** WHAT YOU WILL DO **
Among the entries below, the lines from the one with "在這鳥(niǎo)語(yǔ)" up to and including the one with "扉前でのベールシーン♡シャンデリアやお花に囲まれながら迫力のある一枚です!" are to be restated exactly, without pictures.

** MATERIAL FOR THIS TASK **
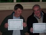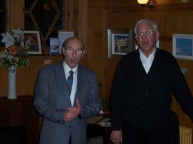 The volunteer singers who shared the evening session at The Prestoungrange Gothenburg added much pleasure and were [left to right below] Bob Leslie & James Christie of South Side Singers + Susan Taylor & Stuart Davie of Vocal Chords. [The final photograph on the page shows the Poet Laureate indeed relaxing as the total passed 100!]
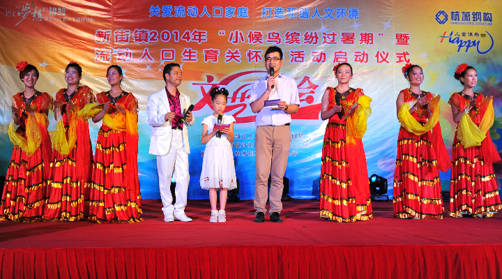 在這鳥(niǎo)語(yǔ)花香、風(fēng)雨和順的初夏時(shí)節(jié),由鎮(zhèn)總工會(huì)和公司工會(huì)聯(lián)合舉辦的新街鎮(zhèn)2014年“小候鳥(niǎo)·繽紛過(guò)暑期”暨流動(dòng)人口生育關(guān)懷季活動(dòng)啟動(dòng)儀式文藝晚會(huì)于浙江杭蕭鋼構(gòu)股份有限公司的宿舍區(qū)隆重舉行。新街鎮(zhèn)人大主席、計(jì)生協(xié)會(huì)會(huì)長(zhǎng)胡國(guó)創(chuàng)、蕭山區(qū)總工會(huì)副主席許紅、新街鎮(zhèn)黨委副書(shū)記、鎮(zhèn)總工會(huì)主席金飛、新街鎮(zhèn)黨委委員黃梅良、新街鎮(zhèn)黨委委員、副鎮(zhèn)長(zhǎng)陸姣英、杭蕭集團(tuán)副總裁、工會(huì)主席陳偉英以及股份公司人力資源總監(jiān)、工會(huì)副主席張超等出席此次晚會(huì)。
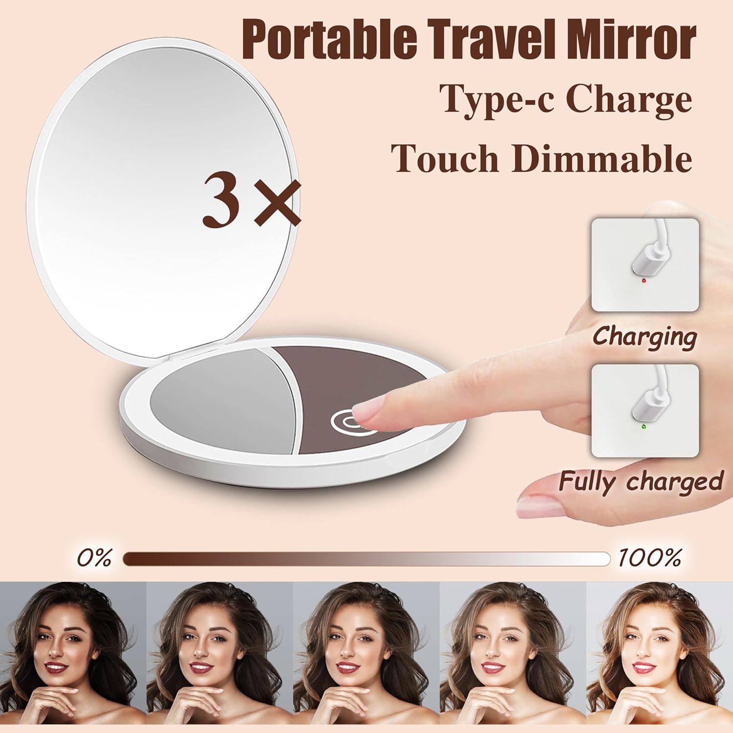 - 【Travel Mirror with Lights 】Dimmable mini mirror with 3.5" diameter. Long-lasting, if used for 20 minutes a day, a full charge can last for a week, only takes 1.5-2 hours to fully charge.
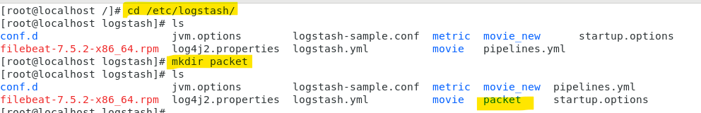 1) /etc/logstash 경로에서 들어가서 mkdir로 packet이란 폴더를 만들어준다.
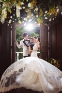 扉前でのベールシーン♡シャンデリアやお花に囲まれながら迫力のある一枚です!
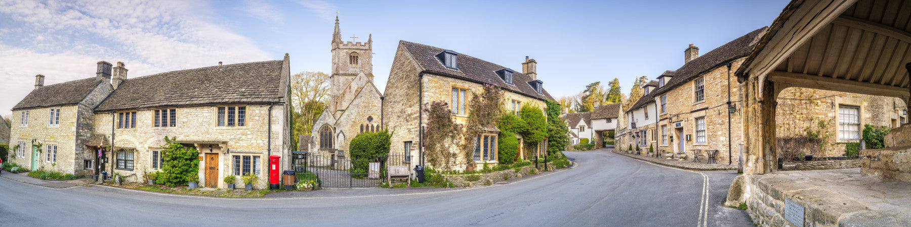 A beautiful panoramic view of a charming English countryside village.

---

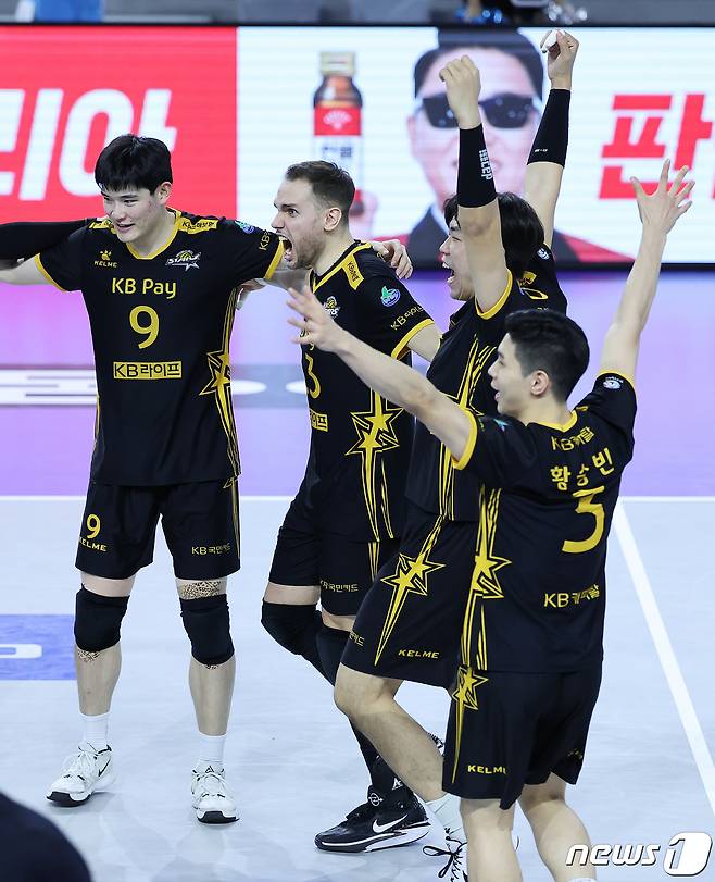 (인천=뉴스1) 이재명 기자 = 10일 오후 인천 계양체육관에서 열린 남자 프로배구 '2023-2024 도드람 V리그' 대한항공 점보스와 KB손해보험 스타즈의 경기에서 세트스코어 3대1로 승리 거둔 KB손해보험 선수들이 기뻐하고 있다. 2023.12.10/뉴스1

** ANSWER TO THE EXERCISE **
 在這鳥(niǎo)語(yǔ)花香、風(fēng)雨和順的初夏時(shí)節(jié),由鎮(zhèn)總工會(huì)和公司工會(huì)聯(lián)合舉辦的新街鎮(zhèn)2014年“小候鳥(niǎo)·繽紛過(guò)暑期”暨流動(dòng)人口生育關(guān)懷季活動(dòng)啟動(dòng)儀式文藝晚會(huì)于浙江杭蕭鋼構(gòu)股份有限公司的宿舍區(qū)隆重舉行。新街鎮(zhèn)人大主席、計(jì)生協(xié)會(huì)會(huì)長(zhǎng)胡國(guó)創(chuàng)、蕭山區(qū)總工會(huì)副主席許紅、新街鎮(zhèn)黨委副書(shū)記、鎮(zhèn)總工會(huì)主席金飛、新街鎮(zhèn)黨委委員黃梅良、新街鎮(zhèn)黨委委員、副鎮(zhèn)長(zhǎng)陸姣英、杭蕭集團(tuán)副總裁、工會(huì)主席陳偉英以及股份公司人力資源總監(jiān)、工會(huì)副主席張超等出席此次晚會(huì)。
 - 【Travel Mirror with Lights 】Dimmable mini mirror with 3.5" diameter. Long-lasting, if used for 20 minutes a day, a full charge can last for a week, only takes 1.5-2 hours to fully charge.
 1) /etc/logstash 경로에서 들어가서 mkdir로 packet이란 폴더를 만들어준다.
 扉前でのベールシーン♡シャンデリアやお花に囲まれながら迫力のある一枚です!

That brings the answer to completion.